BRIEF: Once the line holding "林心如一家三口手牵手出门,霍建华和女儿同吃一杯冰淇淋" is written out, stop; begin at the first line of the material below and retype exactly, dropping pictures.

RECORDS FOR THE EXERCISE:
------------------------------------------------

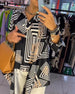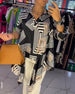 Avslappnad leopardmönstrad ficka med rund hals och breda byxor
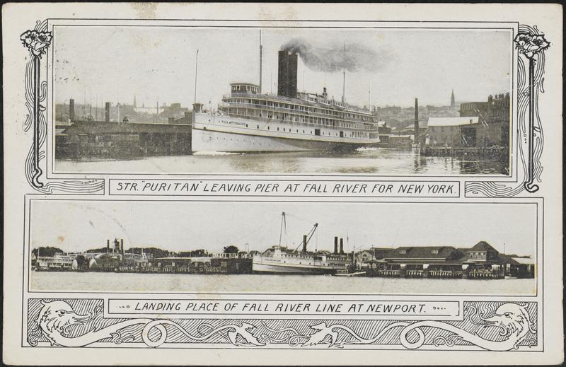 Str. Puritan leaving pier at Fall River for New York. Landing place of Fall River Line at Newport.
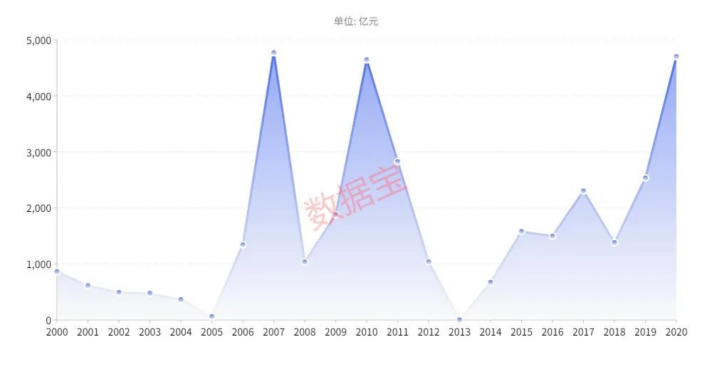 2020年A股上市新股IPO募资总额创下13年新高,为4700亿,同比2019年增长超过85.56%,IPO募资总额在历史上排在第二。数据宝统计显示,近30年来,A股年度IPO募资总额超过4000亿的仅有3次,此前两次分别为2007年和2010年,当年上市新股的IPO募资总额分别为4771亿和4643亿。
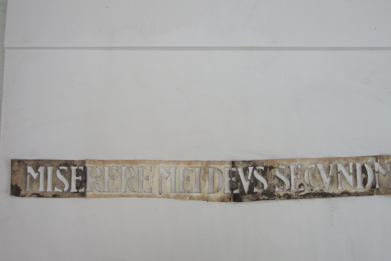 Sjabloon met tekstband: "MISERERE MEI DEUS SECUND'M".
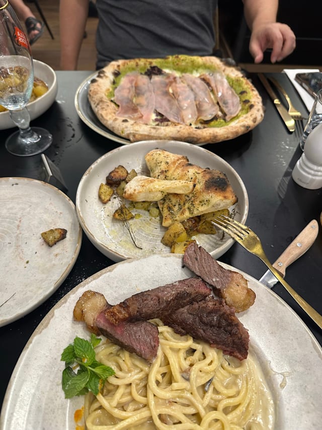 3/10Felt like herding sheep. Specific to the fork reservation, they offer discount to entice you to reserve. When you show up, they don’t check your reservation and act confused when referencing the reservation discount. The service was rushed, the food was mediocre, and the ambience was chaotic. Pasta was undercooked for my wife (not Al dente) and overcooked for me and my son. The ragu almost tasted like canned pasta. The servers would throw dishes down and leave finished plates from the starters sitting there. The table next to us which was an italian couple, refused their pasta 2 times before walking out. Definitely pass on this place.
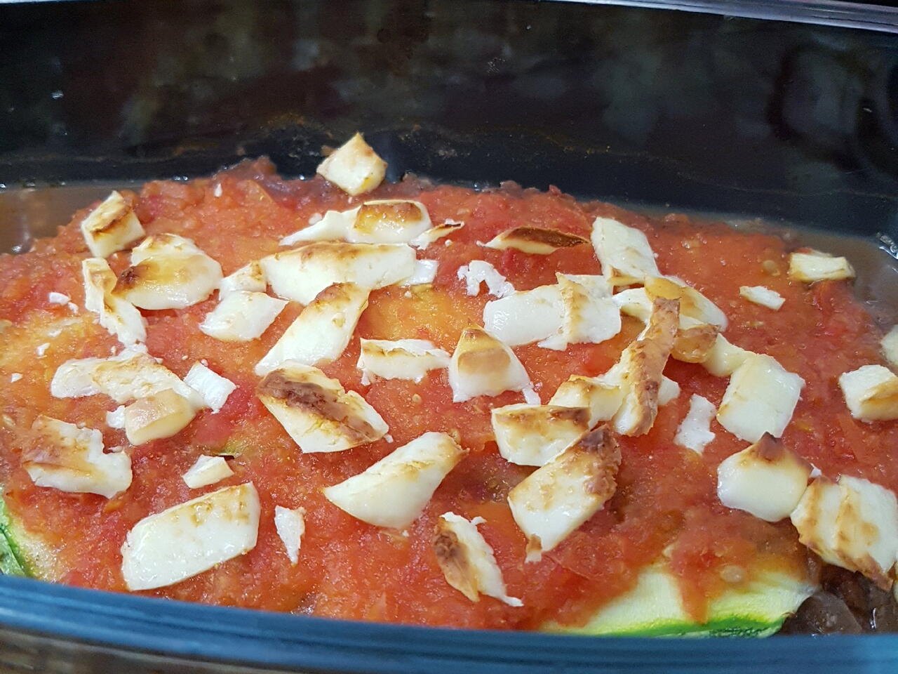 Montar a lasanha colocando uma camada de abobrinha uma do molho bolonhesa uma de abobrinha cobrir com molho vermelho e polvilhar com queijo ralado
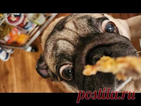 Мопс смотрит на камеру, перед ним что-то съестное. На заднем плане размыт интерьер комнаты.
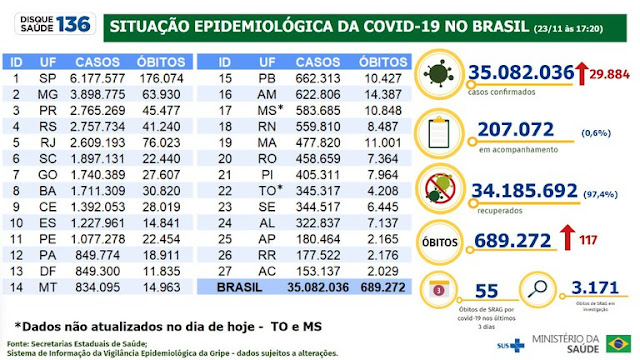 • 35.082.036 infecções, sendo 29.884 registradas nesta quarta (23).
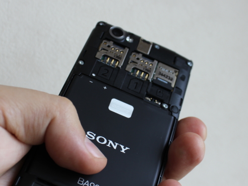 裏のバッテリーパックを外すと、SIMカードとmicroSIMを入れるスロットがあります。
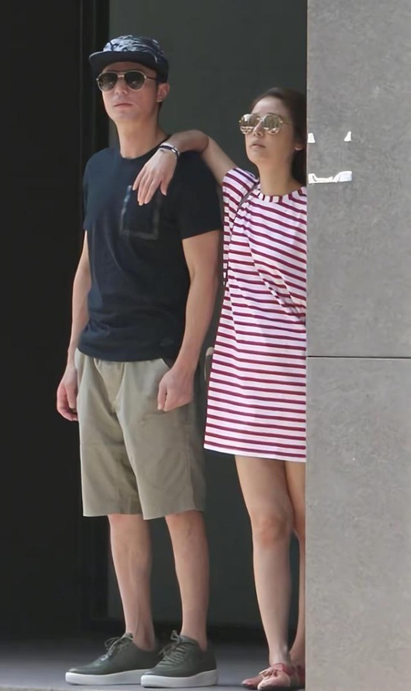 林心如一家三口手牵手出门,霍建华和女儿同吃一杯冰淇淋
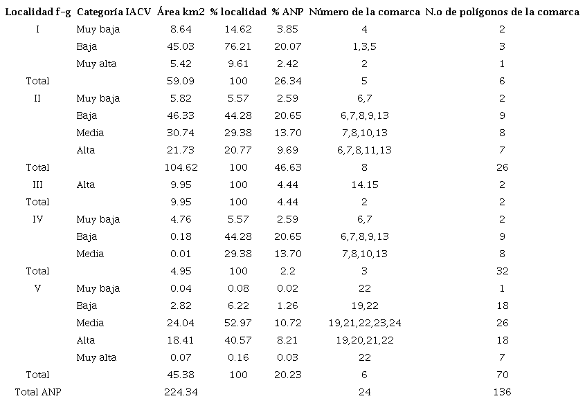 La categoría muy baja del IACV tiene superficies similares en las localidades f-g I a la IV, presente en tan solo 6 comarcas y 24 polígonos, de pequeña extensión, estas mismas deben ser observadas por ser las de muy poca modificación. La categoría media del índice solo se presenta en las localidades f-g II y V, en 10 comarcas y 24 polígonos con superficies extensas en su mayoría, representa territorios donde la modificación comienza a manifestarse de manera importante, es una categoría que merece atención en el sentido de tratar de detener los procesos que provocan la antropización. La categoría alta sigue la misma distribución que la categoría media, en las localidades f-g II y V con extensiones similares, se presenta en 9 localidades y 26 polígonos, en ellas las modificaciones ya son intensas, necesitan de medidas de restauración de la vegetación original, son paisajes donde se realizan las principales actividades económicas del ANP (Cuadro 2). Los paisajes muy modificados, que se corresponden con la categoría muy alta del índice, se presentan solamente en la localidad f-g I, en 1 comarca y un polígono, que se encuentra urbanizado y dedicado a actividades agropecuarias.
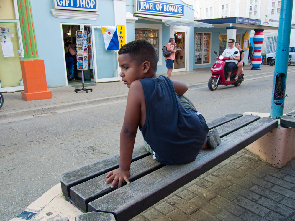 Je profite du temps qu’il me reste pour me balader dans Kralendijk, étrangement familière avec ses maisons de style hollandais mais peintes de couleurs pastels, selon la mode de Curaçao. Le temps semble être suspendu… Le rythme dans les autres îles était déjà très ralenti mais sur cette terre encore plus petite et chaude, il semble que j’ai adopté la vitesse de l’iguane au soleil. Seul les enfants à vélo (on doit être à l’heure de la sortie de l’école) Pendant que je me balade, un petit garçon s’approche de moi, tout sourire, mais un peu timide. Il a juste envie de parler et il ne sait pas si je vais vouloir lui répondre. Malgré la barrière de la langue, on arrive un peu à se comprendre, même si je ne suis pas sûre qu’il voit d’où je viens. La Belgique, c’est petit, mais loin, même si c’est à côté de la « mère patrie ». Alors on reste quelques minutes assis sur un banc, à partager quelques biscuits qu’il me reste. Avant qu’il ne reprenne son vélo, mon nouvel ami me fait signe qu’il veut que je le prenne en photo. Et le voilà en train de la pause ! Satisfait, il me serre la main et file le long de la rue principale.

------------------------------------------------

SOLUTION FOR THIS PROBLEM:
 Avslappnad leopardmönstrad ficka med rund hals och breda byxor
 Str. Puritan leaving pier at Fall River for New York. Landing place of Fall River Line at Newport.
 2020年A股上市新股IPO募资总额创下13年新高,为4700亿,同比2019年增长超过85.56%,IPO募资总额在历史上排在第二。数据宝统计显示,近30年来,A股年度IPO募资总额超过4000亿的仅有3次,此前两次分别为2007年和2010年,当年上市新股的IPO募资总额分别为4771亿和4643亿。
 Sjabloon met tekstband: "MISERERE MEI DEUS SECUND'M".
 3/10Felt like herding sheep. Specific to the fork reservation, they offer discount to entice you to reserve. When you show up, they don’t check your reservation and act confused when referencing the reservation discount. The service was rushed, the food was mediocre, and the ambience was chaotic. Pasta was undercooked for my wife (not Al dente) and overcooked for me and my son. The ragu almost tasted like canned pasta. The servers would throw dishes down and leave finished plates from the starters sitting there. The table next to us which was an italian couple, refused their pasta 2 times before walking out. Definitely pass on this place.
 Montar a lasanha colocando uma camada de abobrinha uma do molho bolonhesa uma de abobrinha cobrir com molho vermelho e polvilhar com queijo ralado
 Мопс смотрит на камеру, перед ним что-то съестное. На заднем плане размыт интерьер комнаты.
 • 35.082.036 infecções, sendo 29.884 registradas nesta quarta (23).
 裏のバッテリーパックを外すと、SIMカードとmicroSIMを入れるスロットがあります。
 林心如一家三口手牵手出门,霍建华和女儿同吃一杯冰淇淋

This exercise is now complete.